レクサスUX300e 日本の美意識あふれるプレミアムEVの実力

レクサスUX

街中でもひときわ特別な存在感を誇るレクサス。“上質”という言葉を体現するそのクルマにはファンも多いものです。今回注目するのは、レクサス初の電気自動車(EV)となる「UX300e」。モータージャーナリスト・まるも亜希子さんがその真価に迫ります。

1989年にアメリカで誕生し、高級ブランドとしての地位を築いてから2005年に日本上陸を果たしたレクサス。ホテルのような店舗や丁寧な接客で、販売やアフターサービスにも「一流のおもてなし」を貫き、その世界観とともに日本発のプレミアムカーを世に送り出してきました。

そんなレクサスが初めて投入した電気自動車(EV)が、今回レポートするUX300eです。どんなところにレクサスらしさが表現されているのか、乗り味や使い勝手はどうなのか。
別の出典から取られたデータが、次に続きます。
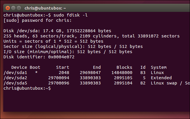 你可以使用fdisk -l命令来查看该信息。在Ubuntu上,打开终端并运行以下命令: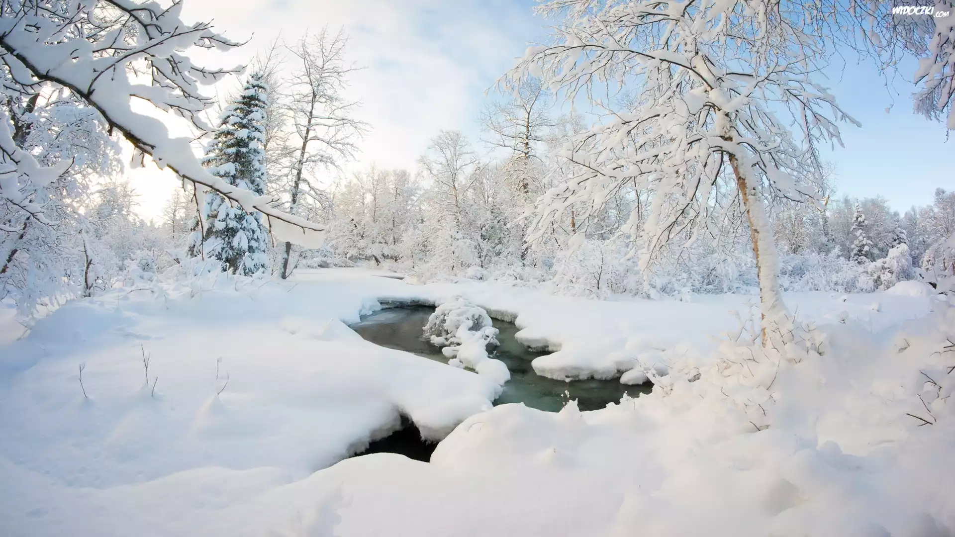 Zima, Rzeka, Ośnieżone, Drzewa, Chmury
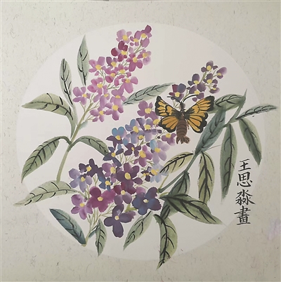 | 左图为孩子们正在观察毛白杨。赵文娟 摄 右图为黑长喙天蛾与密蒙花。王思淼 画 |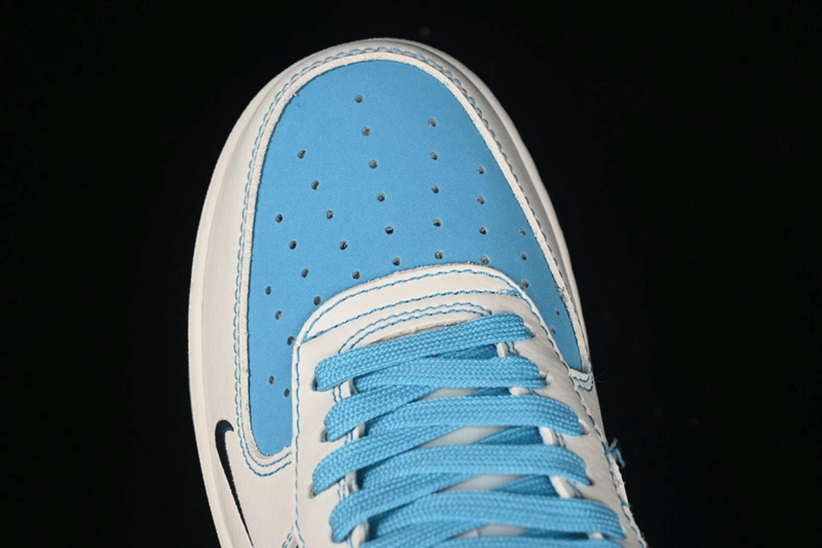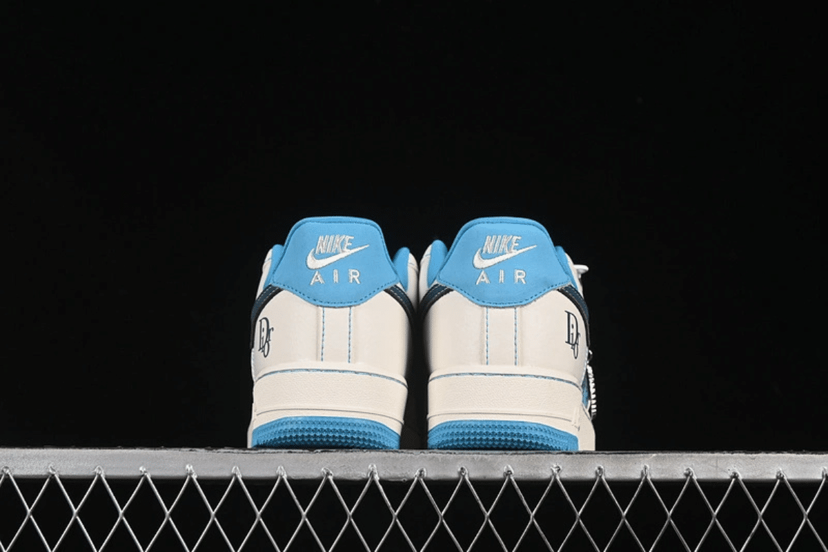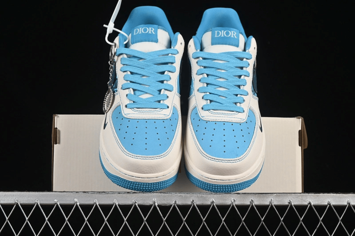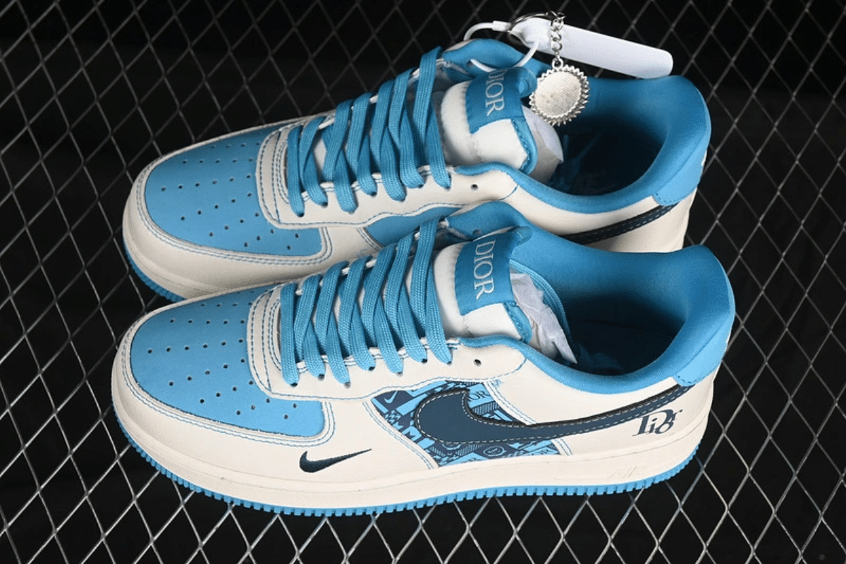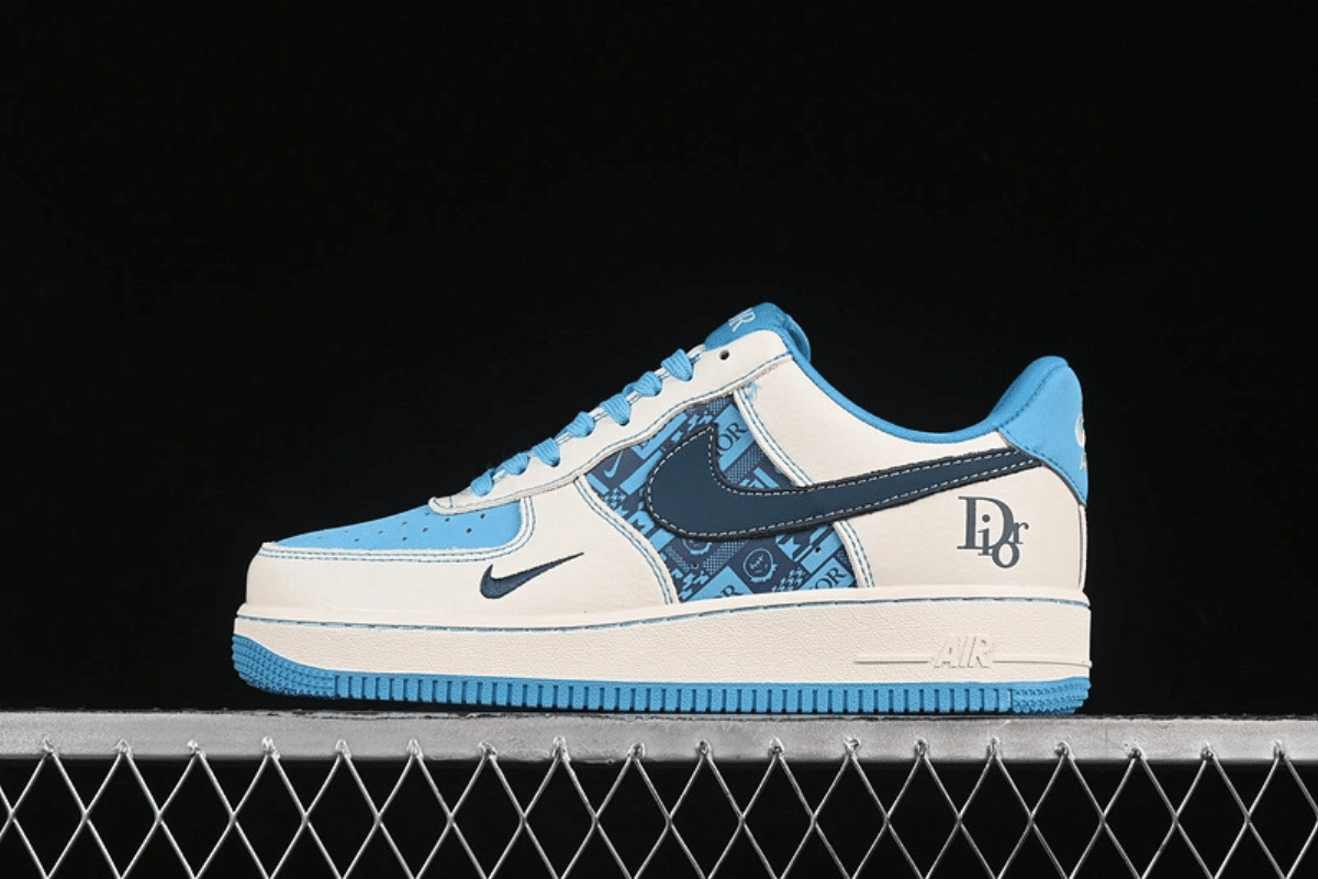 Elevate your style with this custom Nike Air Force 1 Low featuring a luxury Dior-inspired pattern. Dressed in a crisp cream and light blue colorway, it blends streetwear flair with high-end fashion for a bold and unique look.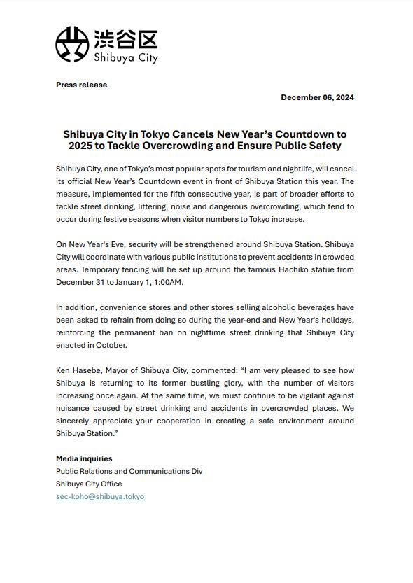 วันที่ 10 ธันวาคม 2567 สำนักข่าวซินหัวรายงานว่าเขตชิบูย่า หนึ่งในจุดหมายการท่องเที่ยวและย่านความบันเทิงยามค่ำคืนยอดนิยมในกรุงโตเกียวของญี่ปุ่น ประกาศยกเลิกการจัดกิจกรรมเคานต์ดาวน์ปีใหม่หน้าสถานีรถไฟชิบูย่าติดต่อกันเป็นปีที่ 5 แล้ว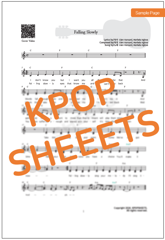 This is the guitar sheet music for the OST of Once, "Falling Slowly."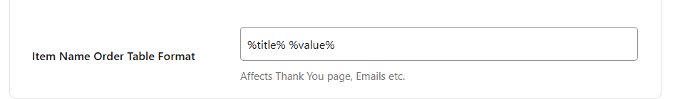 This setting will allow you to set the format for displaying Item name with input field details on Thank you page and Confirmation Email. The default HTML tag for Item Name Order Table Format is | %title% %value%.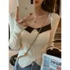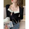 Пуловер с квадратным вырезом, сочетающийся по цвету, с рукавами-пузырями, женский, осенне-зимний, с темпераментом, знаменитый, облегающий, шикарный, базовый, вязаный свитер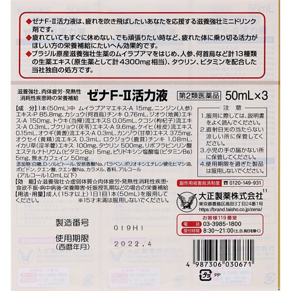 제나F2 활력액 50ml×3본 다이쇼제약 > 의약품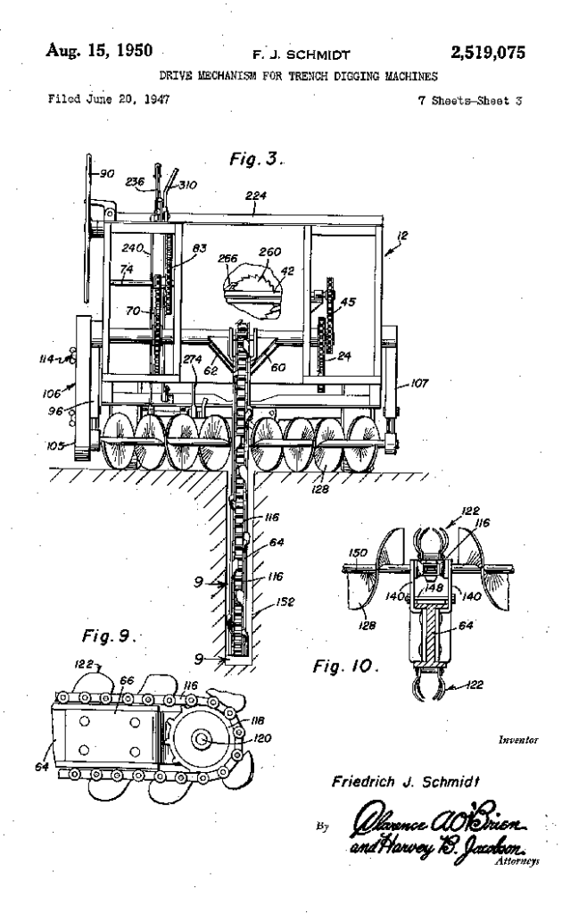 According to the filing, “An object of this invention is to provide means for digging trenches particularly suitable for mounting on a conventional vehicle such as a truck or jeep without any substantial modification thereof and driven from the vehicle power take-01f. It is a related object to provide novel means coordinated with the digger portion of the device for enabling the vehicle to be advanced positively at a speed which is only a fraction of the normally obtainable minimum speed and with the engine operating at full rated R. P. M. I”

じっくりチェックしたいと思います。

レクサスUX300e

 

eチャージバナー

 

●Check1:エコノミカル

500kmで2200円/月が目安。普通充電約14時間で満充電

レクサスUX300e

電気の使い方とやりくりを工夫することによって、維持費の節約にもつながるのがEVの魅力のひとつです。

UX300eは街中や高速道路に設置されている急速充電器と、自宅にも設置できる200Vの普通充電器で充電することができます。出力50kWの急速充電器を利用した場合は、約50分で75%、約80分で満充電に。出力6kWの普通充電器の場合は、約7時間30分、車両に付属しているケーブルを使用する約3kWの場合は、約14時間で満充電になります。

レクサスUX300e 内装

家庭で充電する場合の電気代は、1kWhあたり31円(全国家庭電気製品公正取引協議会の公表情報参照 )と考えると、500km走行するのに約2200円となります。ガソリン代と比べると、かなりランニングコストが抑えられるのではないでしょうか。

※電力量料金のみの金額です。基本料金・燃料費調整額・再生可能エネルギー発電促進賦課金は加味していません。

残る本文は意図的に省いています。